**YOUR GOAL:** Would you retype, word for word, only the lines from the one holding "Получи до 350" through the final line of the entries below, without the pictures?

(Dataset excerpts)
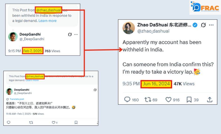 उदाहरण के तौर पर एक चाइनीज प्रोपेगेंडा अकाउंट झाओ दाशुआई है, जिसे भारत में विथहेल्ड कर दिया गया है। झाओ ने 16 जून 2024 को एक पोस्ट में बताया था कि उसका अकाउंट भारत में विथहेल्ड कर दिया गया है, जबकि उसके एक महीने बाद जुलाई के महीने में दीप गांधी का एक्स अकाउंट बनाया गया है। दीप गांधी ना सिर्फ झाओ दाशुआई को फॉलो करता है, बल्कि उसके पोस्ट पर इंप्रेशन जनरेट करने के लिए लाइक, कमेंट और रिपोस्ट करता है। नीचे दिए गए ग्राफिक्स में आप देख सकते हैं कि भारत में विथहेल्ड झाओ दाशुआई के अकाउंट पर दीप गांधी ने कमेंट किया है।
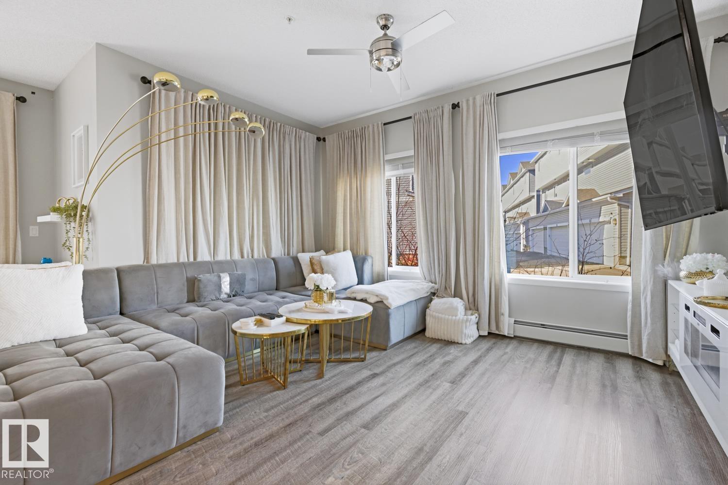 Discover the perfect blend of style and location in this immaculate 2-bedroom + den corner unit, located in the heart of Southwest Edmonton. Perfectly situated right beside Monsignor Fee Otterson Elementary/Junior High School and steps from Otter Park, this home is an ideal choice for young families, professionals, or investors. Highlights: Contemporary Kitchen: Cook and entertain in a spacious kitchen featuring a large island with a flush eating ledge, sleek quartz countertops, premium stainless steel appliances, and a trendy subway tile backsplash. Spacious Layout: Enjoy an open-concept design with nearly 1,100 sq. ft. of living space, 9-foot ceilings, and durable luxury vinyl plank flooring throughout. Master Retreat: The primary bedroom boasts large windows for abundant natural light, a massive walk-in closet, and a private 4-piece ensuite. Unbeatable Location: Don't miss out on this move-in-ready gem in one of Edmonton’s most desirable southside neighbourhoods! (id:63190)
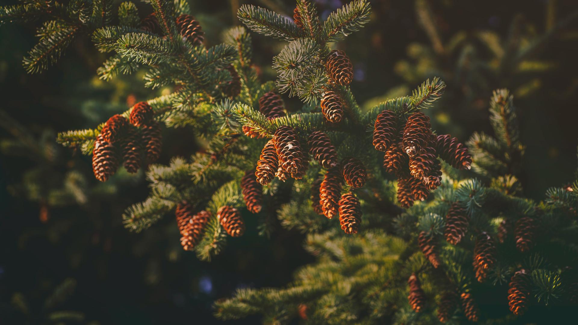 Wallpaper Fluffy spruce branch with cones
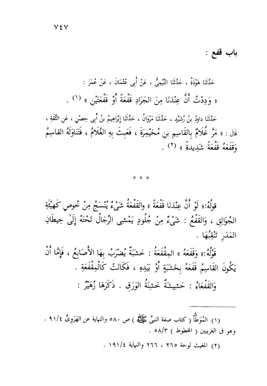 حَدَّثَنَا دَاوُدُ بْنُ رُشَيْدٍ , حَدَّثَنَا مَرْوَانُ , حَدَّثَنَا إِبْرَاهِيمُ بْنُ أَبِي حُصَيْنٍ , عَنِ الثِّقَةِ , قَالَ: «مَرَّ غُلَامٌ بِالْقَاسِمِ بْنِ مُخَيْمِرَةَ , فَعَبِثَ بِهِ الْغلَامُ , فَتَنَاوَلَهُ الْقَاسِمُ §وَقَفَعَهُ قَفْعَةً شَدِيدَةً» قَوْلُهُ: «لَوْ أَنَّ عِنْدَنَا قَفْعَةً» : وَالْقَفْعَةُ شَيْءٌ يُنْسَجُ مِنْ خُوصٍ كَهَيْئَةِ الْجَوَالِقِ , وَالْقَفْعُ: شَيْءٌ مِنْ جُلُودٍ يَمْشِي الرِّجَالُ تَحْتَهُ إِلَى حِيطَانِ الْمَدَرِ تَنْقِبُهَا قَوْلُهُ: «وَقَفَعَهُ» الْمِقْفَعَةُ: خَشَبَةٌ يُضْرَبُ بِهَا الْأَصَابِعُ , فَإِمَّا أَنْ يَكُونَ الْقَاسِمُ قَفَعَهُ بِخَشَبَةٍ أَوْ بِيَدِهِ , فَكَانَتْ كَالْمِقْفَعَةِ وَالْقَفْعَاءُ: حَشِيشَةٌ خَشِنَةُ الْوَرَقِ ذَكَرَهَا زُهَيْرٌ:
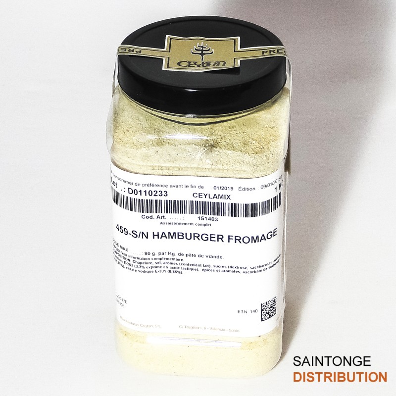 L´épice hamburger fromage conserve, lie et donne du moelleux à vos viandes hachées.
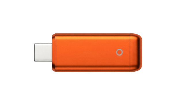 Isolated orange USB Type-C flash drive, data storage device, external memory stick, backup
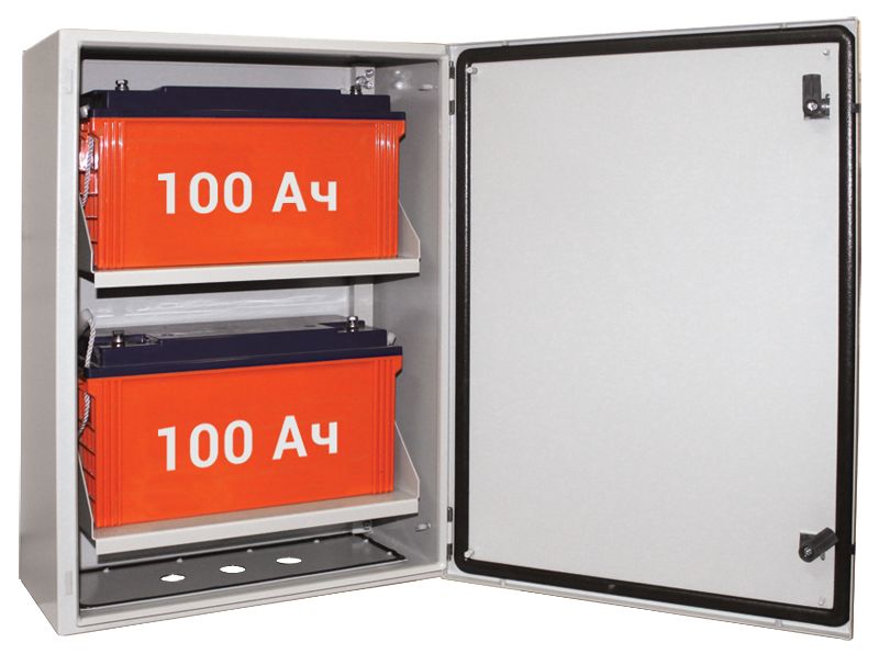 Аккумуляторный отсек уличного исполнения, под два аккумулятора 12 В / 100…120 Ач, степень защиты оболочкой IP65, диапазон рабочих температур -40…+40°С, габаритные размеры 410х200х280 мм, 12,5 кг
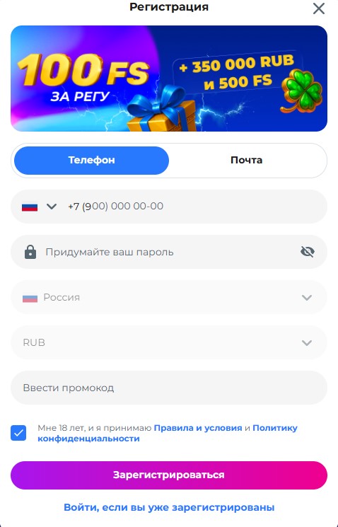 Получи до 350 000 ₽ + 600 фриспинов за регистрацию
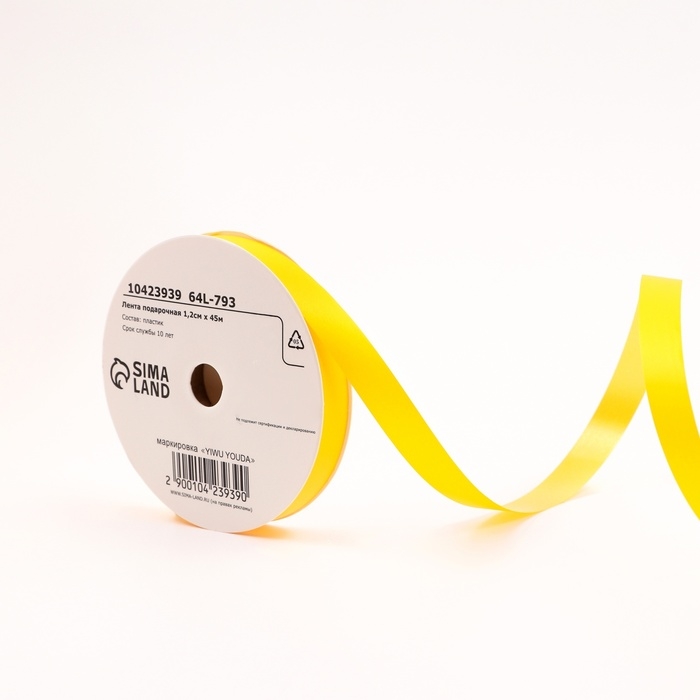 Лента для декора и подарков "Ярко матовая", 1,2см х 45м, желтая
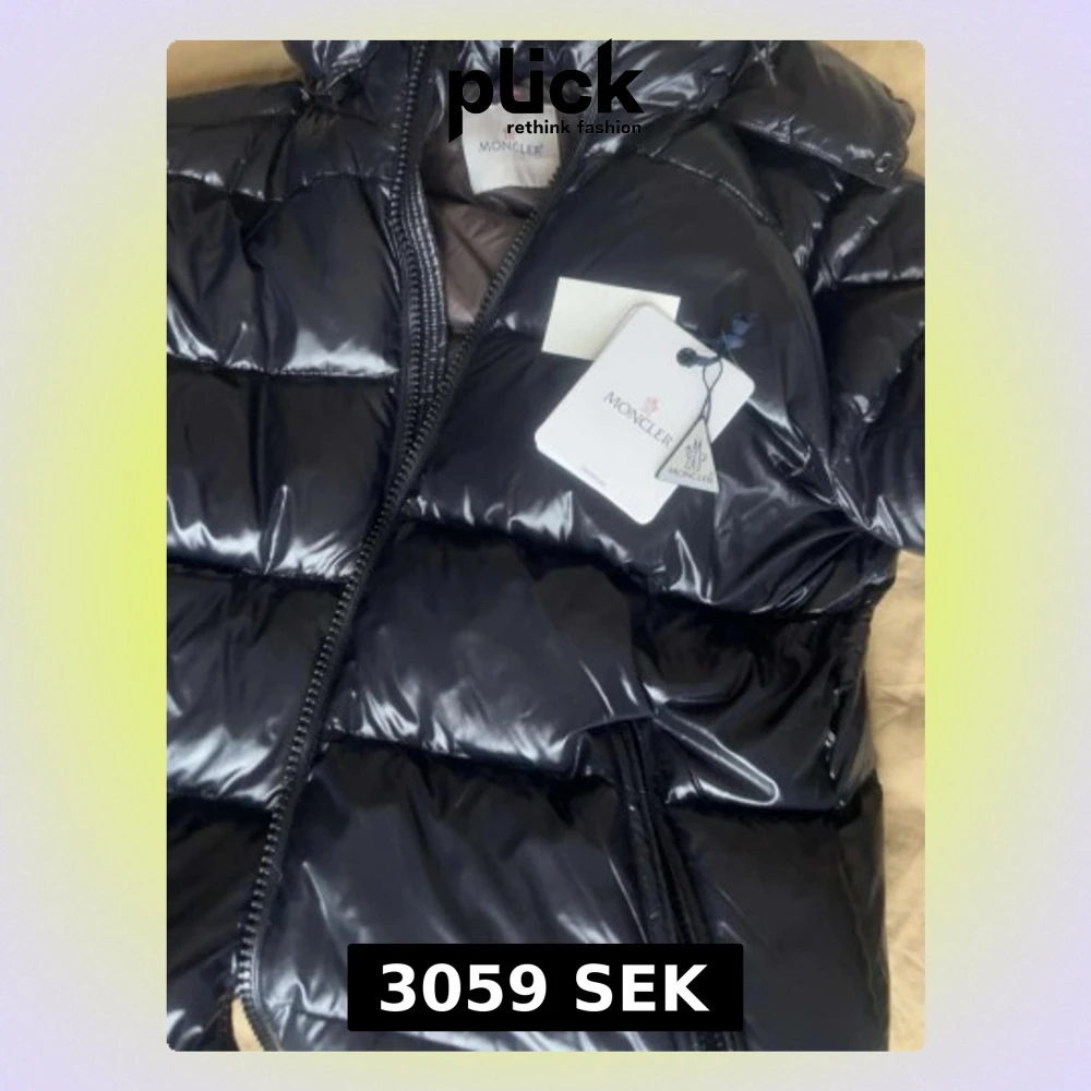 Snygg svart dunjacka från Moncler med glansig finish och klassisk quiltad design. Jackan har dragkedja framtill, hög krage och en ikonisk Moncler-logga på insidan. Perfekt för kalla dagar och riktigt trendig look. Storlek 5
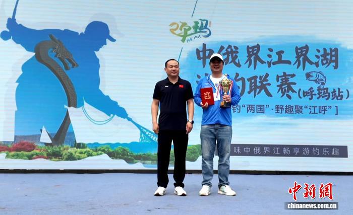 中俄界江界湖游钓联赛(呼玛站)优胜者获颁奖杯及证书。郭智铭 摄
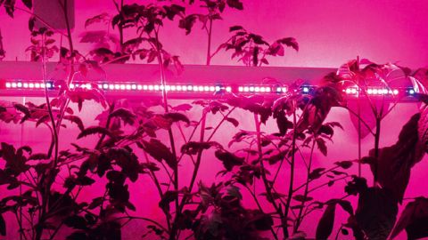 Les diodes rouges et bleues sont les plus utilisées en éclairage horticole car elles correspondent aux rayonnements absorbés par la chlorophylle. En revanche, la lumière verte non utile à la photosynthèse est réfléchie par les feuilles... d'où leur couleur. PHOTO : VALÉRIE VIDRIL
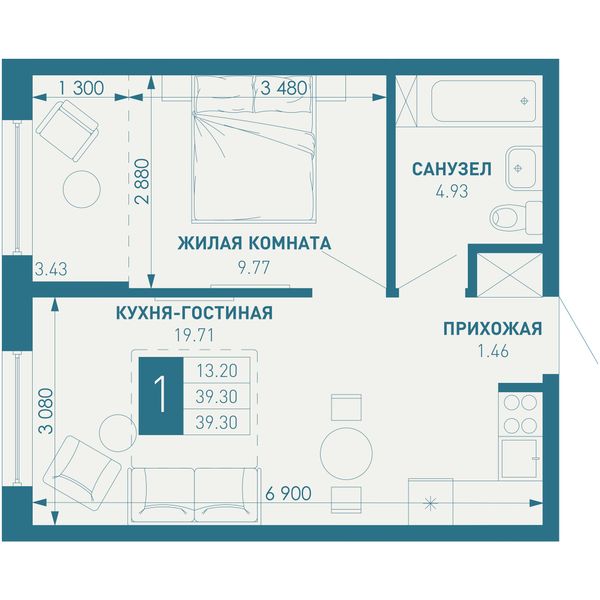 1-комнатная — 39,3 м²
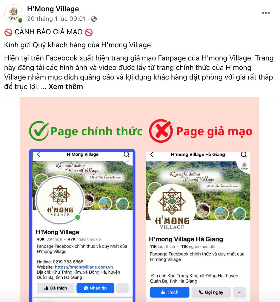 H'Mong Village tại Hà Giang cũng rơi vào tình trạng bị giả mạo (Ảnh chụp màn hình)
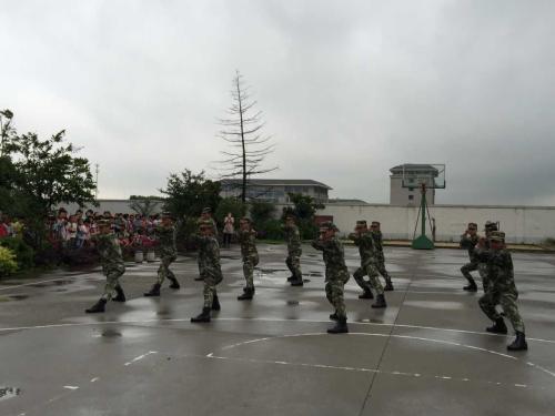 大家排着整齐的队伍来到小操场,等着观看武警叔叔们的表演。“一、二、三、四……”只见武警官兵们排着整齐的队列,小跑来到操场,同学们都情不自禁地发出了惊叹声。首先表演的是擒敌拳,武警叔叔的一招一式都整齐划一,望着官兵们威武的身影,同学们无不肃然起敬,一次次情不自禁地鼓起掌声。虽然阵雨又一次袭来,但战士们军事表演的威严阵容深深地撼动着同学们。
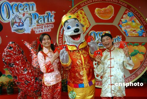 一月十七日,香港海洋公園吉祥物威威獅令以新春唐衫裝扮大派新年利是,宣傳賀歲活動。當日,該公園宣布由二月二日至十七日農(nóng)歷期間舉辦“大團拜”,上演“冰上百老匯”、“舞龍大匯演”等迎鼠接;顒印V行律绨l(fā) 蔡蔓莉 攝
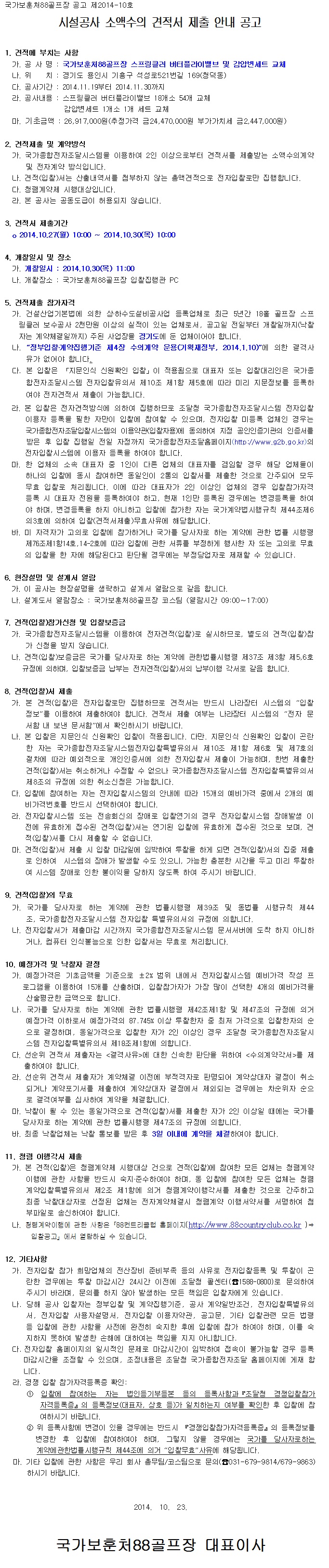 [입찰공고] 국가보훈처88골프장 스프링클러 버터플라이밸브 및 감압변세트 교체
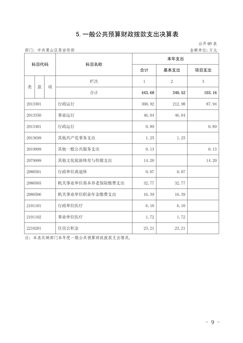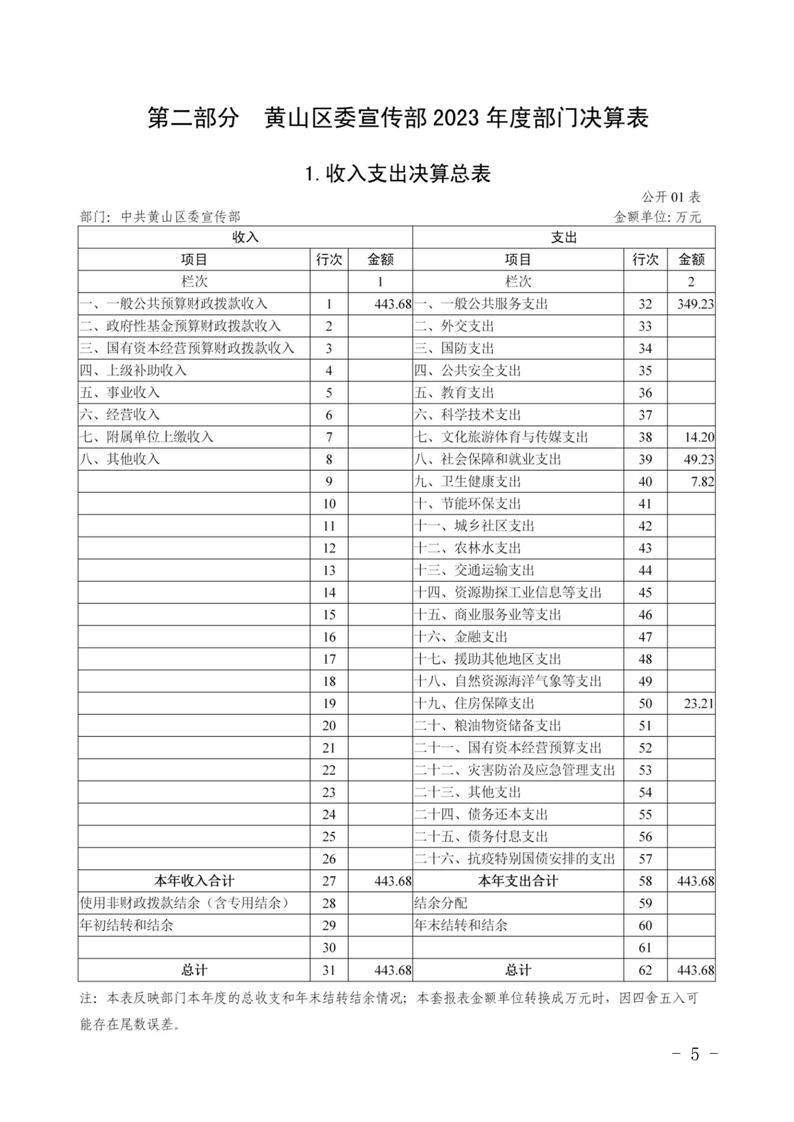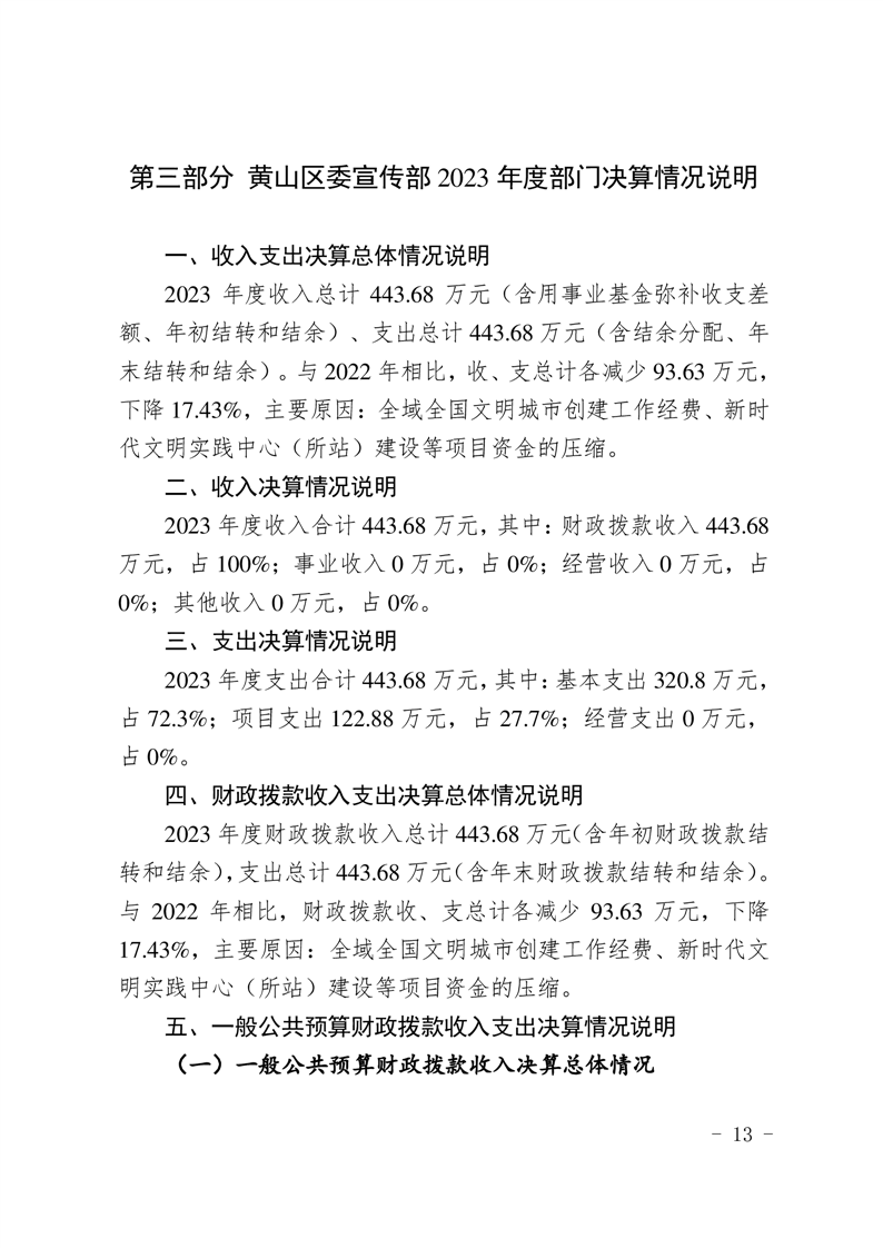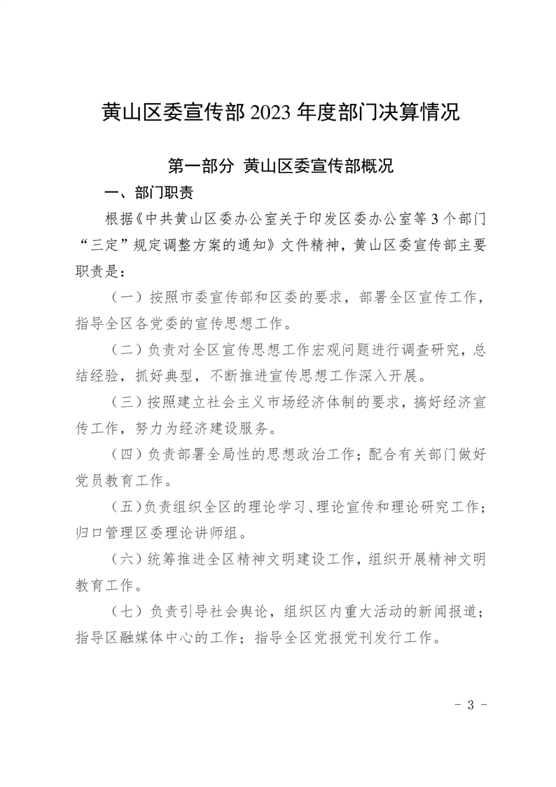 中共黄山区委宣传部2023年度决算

**SOLUTION FOR THIS PROBLEM:**
 Получи до 350 000 ₽ + 600 фриспинов за регистрацию
 Лента для декора и подарков "Ярко матовая", 1,2см х 45м, желтая
 Snygg svart dunjacka från Moncler med glansig finish och klassisk quiltad design. Jackan har dragkedja framtill, hög krage och en ikonisk Moncler-logga på insidan. Perfekt för kalla dagar och riktigt trendig look. Storlek 5
 中俄界江界湖游钓联赛(呼玛站)优胜者获颁奖杯及证书。郭智铭 摄
 Les diodes rouges et bleues sont les plus utilisées en éclairage horticole car elles correspondent aux rayonnements absorbés par la chlorophylle. En revanche, la lumière verte non utile à la photosynthèse est réfléchie par les feuilles... d'où leur couleur. PHOTO : VALÉRIE VIDRIL
 1-комнатная — 39,3 м²
 H'Mong Village tại Hà Giang cũng rơi vào tình trạng bị giả mạo (Ảnh chụp màn hình)
 大家排着整齐的队伍来到小操场,等着观看武警叔叔们的表演。“一、二、三、四……”只见武警官兵们排着整齐的队列,小跑来到操场,同学们都情不自禁地发出了惊叹声。首先表演的是擒敌拳,武警叔叔的一招一式都整齐划一,望着官兵们威武的身影,同学们无不肃然起敬,一次次情不自禁地鼓起掌声。虽然阵雨又一次袭来,但战士们军事表演的威严阵容深深地撼动着同学们。
 一月十七日,香港海洋公園吉祥物威威獅令以新春唐衫裝扮大派新年利是,宣傳賀歲活動。當日,該公園宣布由二月二日至十七日農(nóng)歷期間舉辦“大團拜”,上演“冰上百老匯”、“舞龍大匯演”等迎鼠接;顒印V行律绨l(fā) 蔡蔓莉 攝
 [입찰공고] 국가보훈처88골프장 스프링클러 버터플라이밸브 및 감압변세트 교체
 中共黄山区委宣传部2023年度决算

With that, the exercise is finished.